A very different character was Captain Julius Green, a Jewish dentist from Glasgow. He described himself as “a devout and practising coward, a short-sighted, flat-footed dentist with a tendency to overweight”. This may have been camouflage. Green was not only a fine dentist, but he was also a secret agent for British intelligence. Patients tend to confide in dentists, the German ones included, and ‘Toothy’ Green became one of the most prolific coded letter-writers of the war. Somewhat improbably, the unmarried dentist also became an unofficial counsellor, advising his patients on their romantic and marital anxieties. After the war Julius Green returned to a dental practice in Glasgow, his personal history largely unknown until he published From Colditz in Code in 1971.
Envoi
I was delighted to have an opportunity to visit Colditz in 2005. Susie and I had driven from Lyon to stay with cousins in Munich, and thence on to Prague. After a brief visit to the magnificently rebuilt Dresden, we arrived in Colditz in the late afternoon, discovered the only hotel in town was full, and ate a hearty Saxon meal in the restaurant which we shared with the local male voice choir.

At Colditz August 2005
In the morning we did the Colditz Castle tour with a package tour of British men, all vying to show off their knowledge of Colditz escaping and escapers. Just looking at the entrance to the famous French tunnel brought on claustrophobia.
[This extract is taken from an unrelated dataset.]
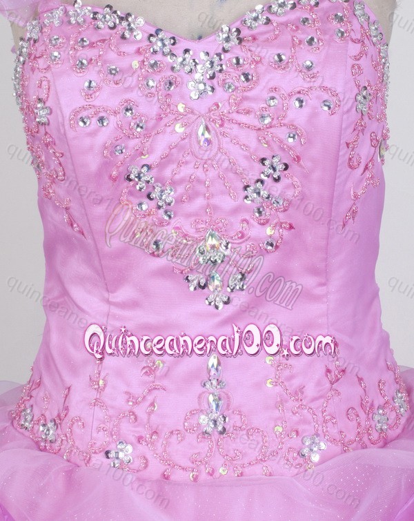 Neckline : SweetheartShown Color : Pink,Rose PinkSilhouette : Ball GownsSleeve Length : sleevelessHemline : floor lengthBack Detail : Lace upFabric : Organza,TulleEmbellishment : Beading,EmbroideryOccasion : Prom,Military Ball,QuinceaneraSeason : Spring,Summer,Fall,Winter

The dominant impression was the height of the castle buildings, and the smallness of the gloomy and sunless courtyard where the prisoners spent much of their time. And then we came away, well equipped with both civilian clothing and papers, to make our way to Magdeburg. There was talk in 2005 of turning the castle into a kind of theme park, which British package holiday-makers would try to escape from. I don’t know if that ever happened.